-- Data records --
============================================================

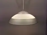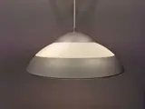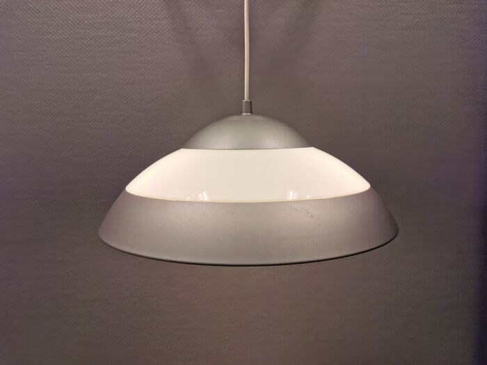 Helemaal afgewerkte hanglamp van het Deense Louis Poulsen, met 3 lichtbronnen, gemaakt van metaal met kappen van plexiglas, in mooie grijze en witte kleuren.
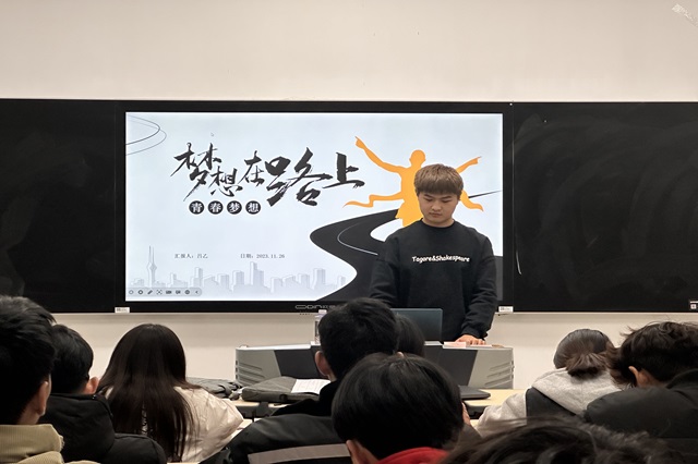 青年有理想,国家有未来,民族有希望。我们在追梦路上流下的汗水、战胜的困难,经过岁月的沉淀,都将成为宝贵的精神财富,化为人生厚积薄发的力量。奋斗者,正青春。2023年12月6日下午5点25分电子工程系团总支组织部部长吕乙在思学楼107为物联网222班的同学们分享了关于“梦想在路上”的信仰公开课,旨在激励同学们做肩上有担当,胸中有理想,坚定讲信仰,永远讲团结的奋进者、践行者。
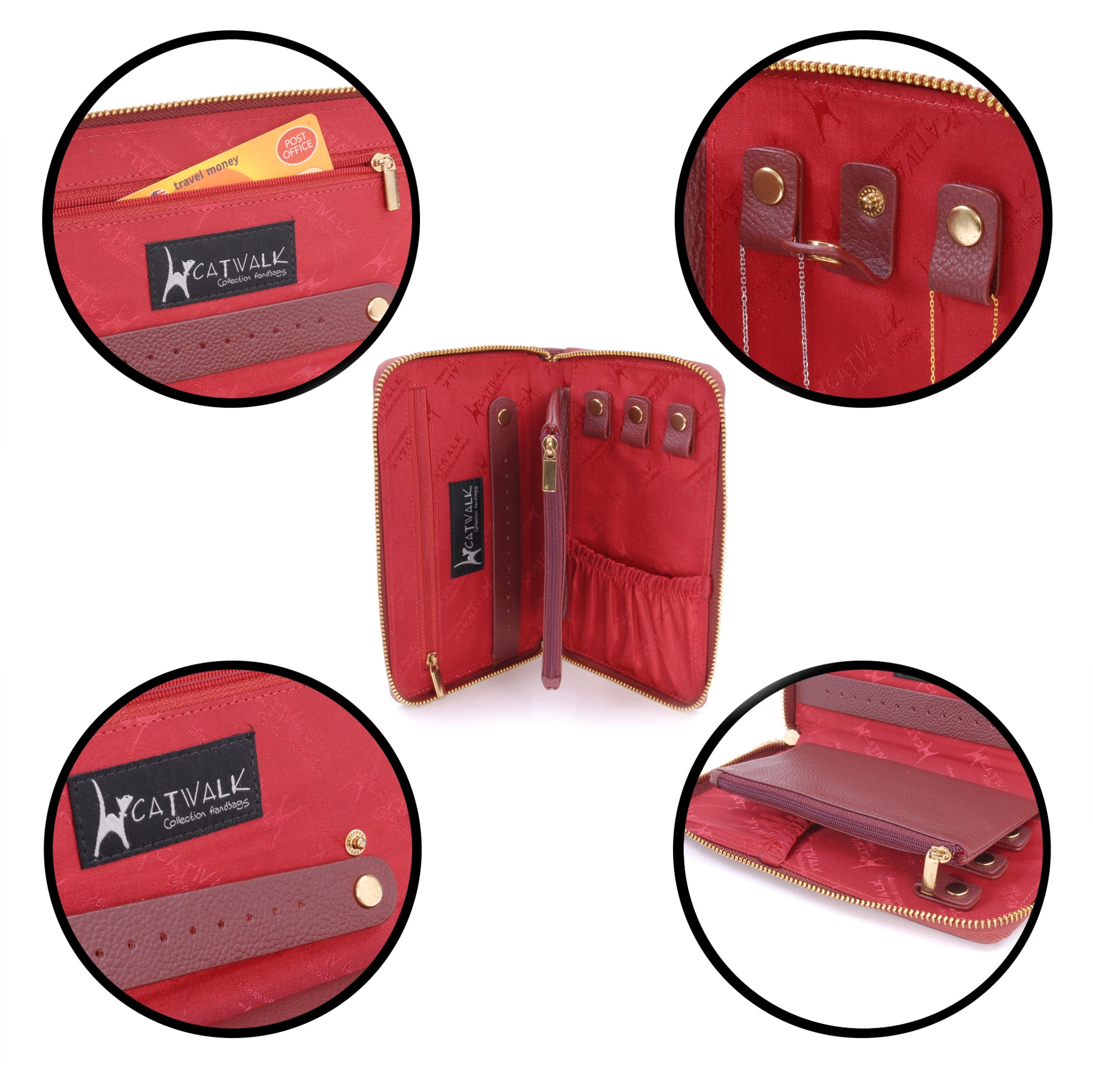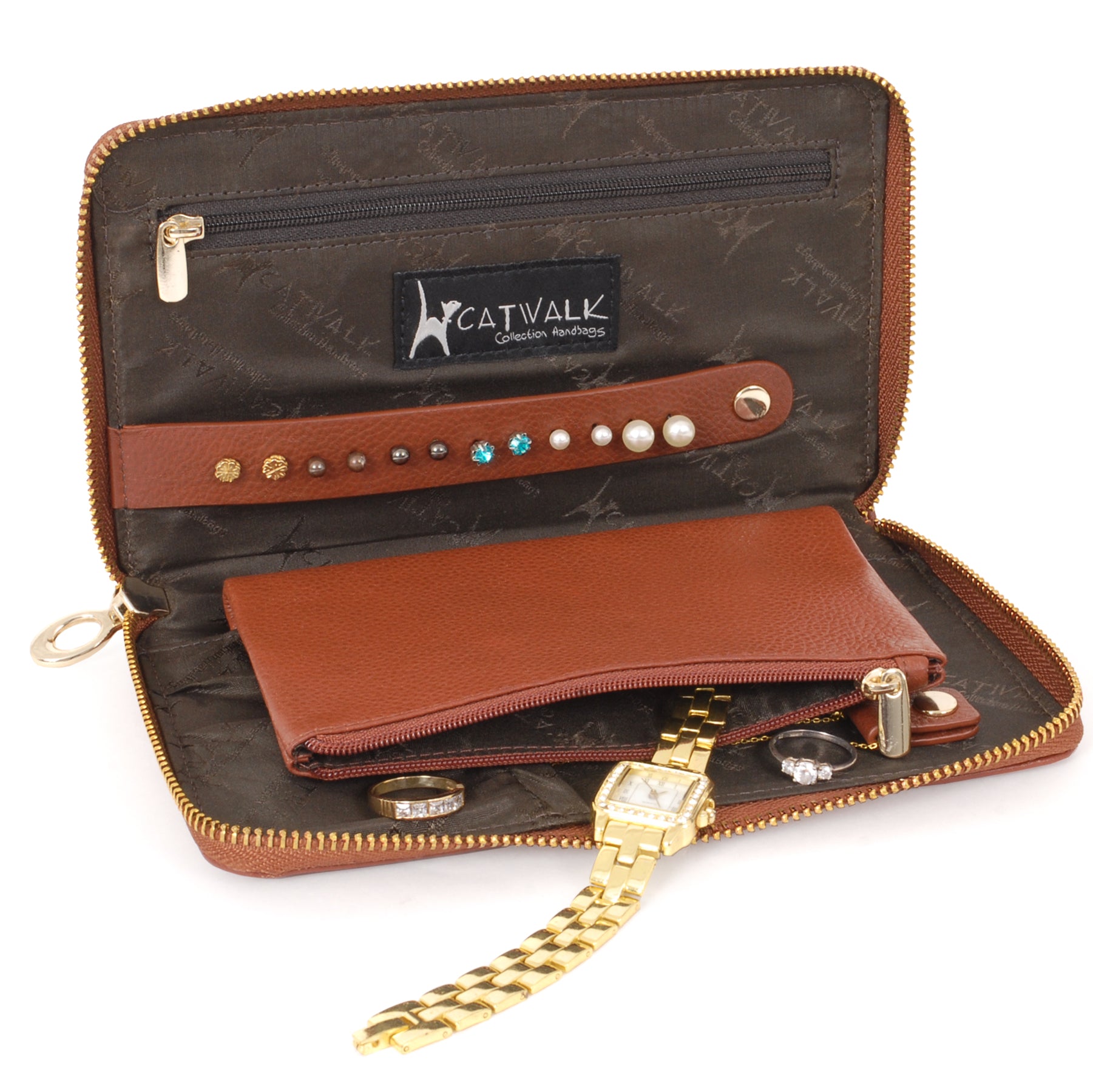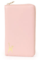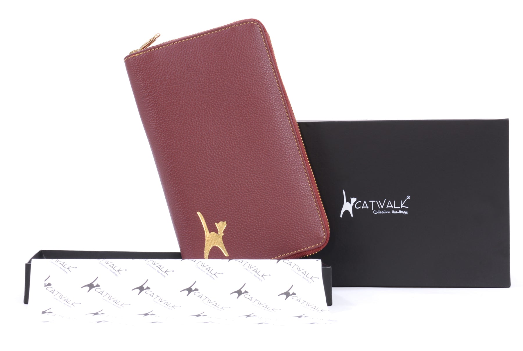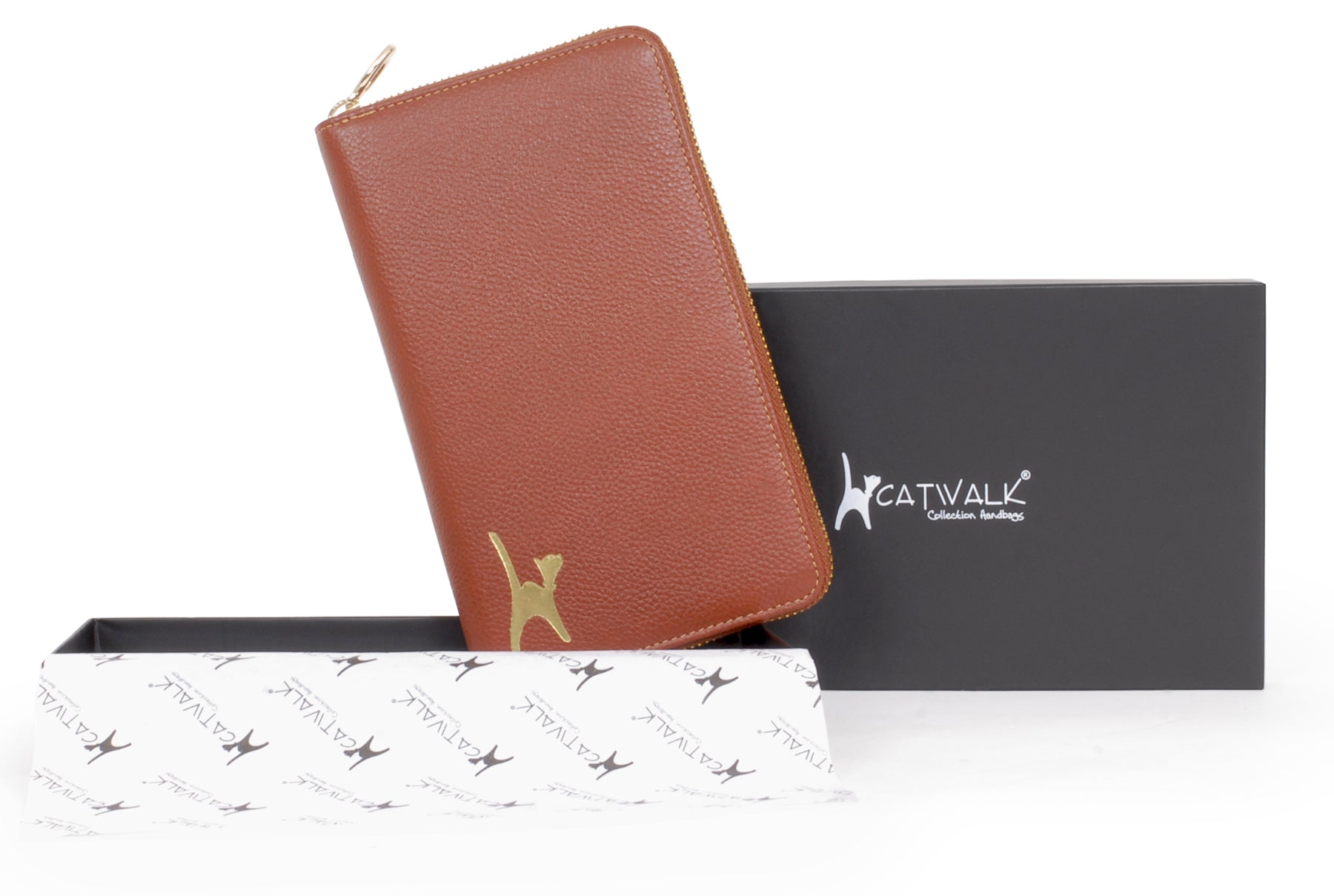 The metal zip closure ensures contents stay safe and secure. Contrast stitching highlights the fine features of the case. The front panel is imprinted with the signature cat logo.
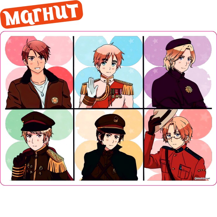 Красивые магниты из акрила с персонажами вселенной «Хеталия и страны Оси» — классический сувенир или подарок, который можно повесить на холодильник, специальную доску или куда-нибудь ещё :)
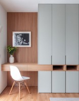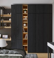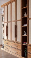 Добавим декоративные материалы: художественные стекла и фрески. Для шпонированных шкафов основой служит МДФ. В последнее время у нас часто заказывают в шпоне американского ореха, оливкового и дальневосточного ясеня и этимое.
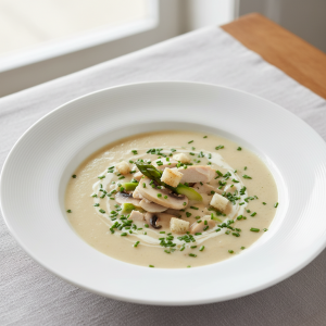 Velouté Agnès Sorel — un incontournable de la restauration collective française. Cette soupe veloutée, née de la haute cuisine classique, trouve sa place naturellement en restauration collective : peu coûteuse en labor, facilement déclinable, économe en matières grasses (max 300g beurre/100cvts). Notre approche privilégie volaille fermière Bio Label Rouge (20% bio EGAlim) et champignons de circuit court régional, garantissant saveur et conformité développement durable.
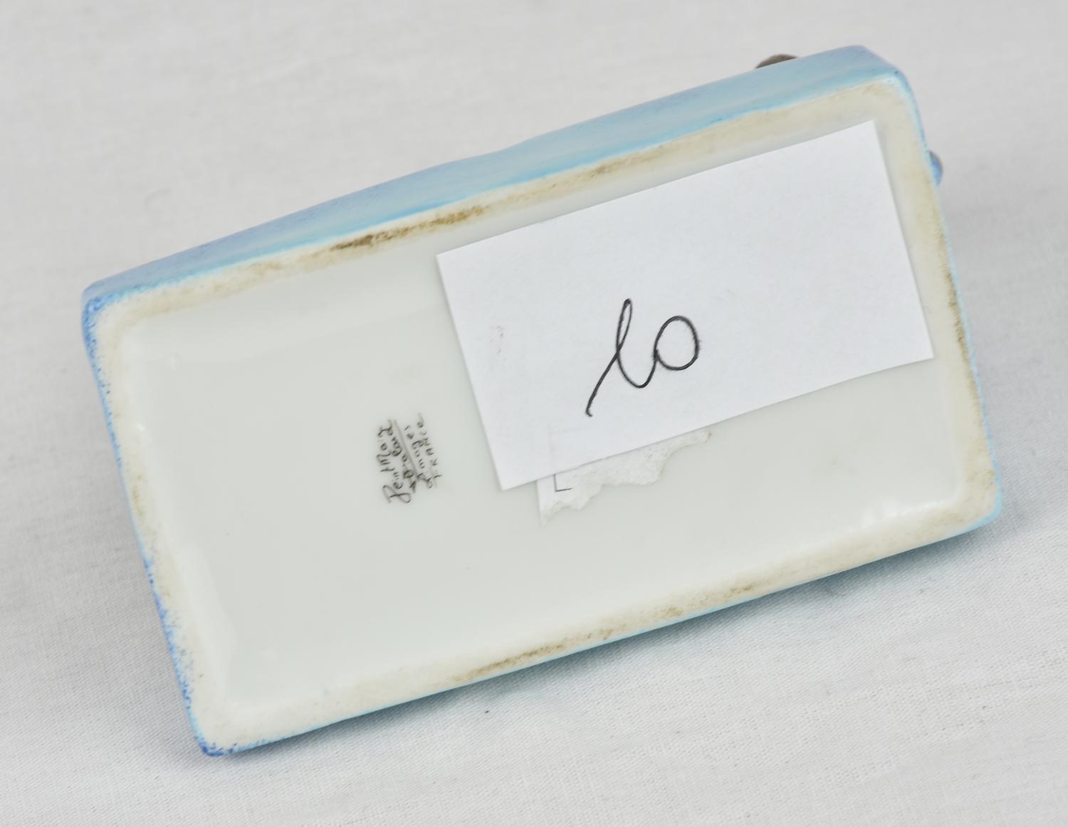 marchiato Limoges dipinto con scena di pesca su fondo azzurro
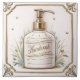 gold beige and white,hand wash bath room decor,clean hand wash room,washing cleaning product bottle,bathroom tile design ideas,soap pump ceramic tile,funny hygiene humor,restroom toilet bathroom,wash your hands palms,cream skincare tile art
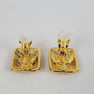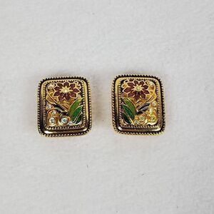 Add a touch of elegance and beauty to your outfit with these stunning signed JOAN RIVERS enamel rhinestone floral picture frame clip earrings. The intricate design features a rectangle shape with a clip-on closure for easy and comfortable wear. The earrings are perfect for any occasion and are sure to make a statement with their multicolor beauty. These earrings are a great addition to any jewelry collection and are perfect for those who love beauty, art, flowers & plants, and fashion & costumes. The earrings are 1 inch in length and are designed for the lobe area. Don't miss out on the chance to own these stunning earrings from the famous JOAN RIVERS brand.
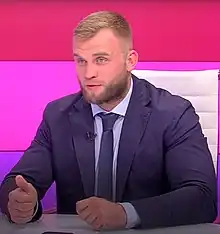 Artem Hennadiyovych Dmytruk was born on 28 June 1993 in the city of Koziatyn, in central Ukraine. He is a graduate of the National University Odesa Law Academy, specialising in jurisprudence. Prior to his election, he worked as an entrepreneur, porter, and bouncer. He was owner of the Barbell Barbell Gym and "baza" fitness clubs. He is co-founder of the "I'm an Odesan, and I don't care" non-governmental organisation, as well as a member of the "Ilya Muromets" non-governmental organisation.[1]
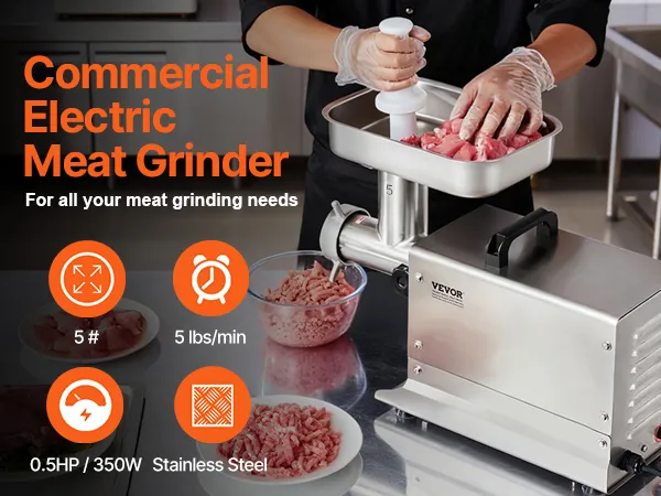 The 300W pure copper motor can grind 5 lbs of meat per minute. The electric meat grinder can operate continuously without interruption, making it ideal for large-scale commercial meat grinding needs.

============================================================

-- Problem to work on --
Would you give again, exactly, the lines in the data above that run from the line containing "The metal zip" to the line containing "Добавим декоративные материалы: художественные"? Include both ends and no pictures.

-- Written response --
 The metal zip closure ensures contents stay safe and secure. Contrast stitching highlights the fine features of the case. The front panel is imprinted with the signature cat logo.
 Красивые магниты из акрила с персонажами вселенной «Хеталия и страны Оси» — классический сувенир или подарок, который можно повесить на холодильник, специальную доску или куда-нибудь ещё :)
 Добавим декоративные материалы: художественные стекла и фрески. Для шпонированных шкафов основой служит МДФ. В последнее время у нас часто заказывают в шпоне американского ореха, оливкового и дальневосточного ясеня и этимое.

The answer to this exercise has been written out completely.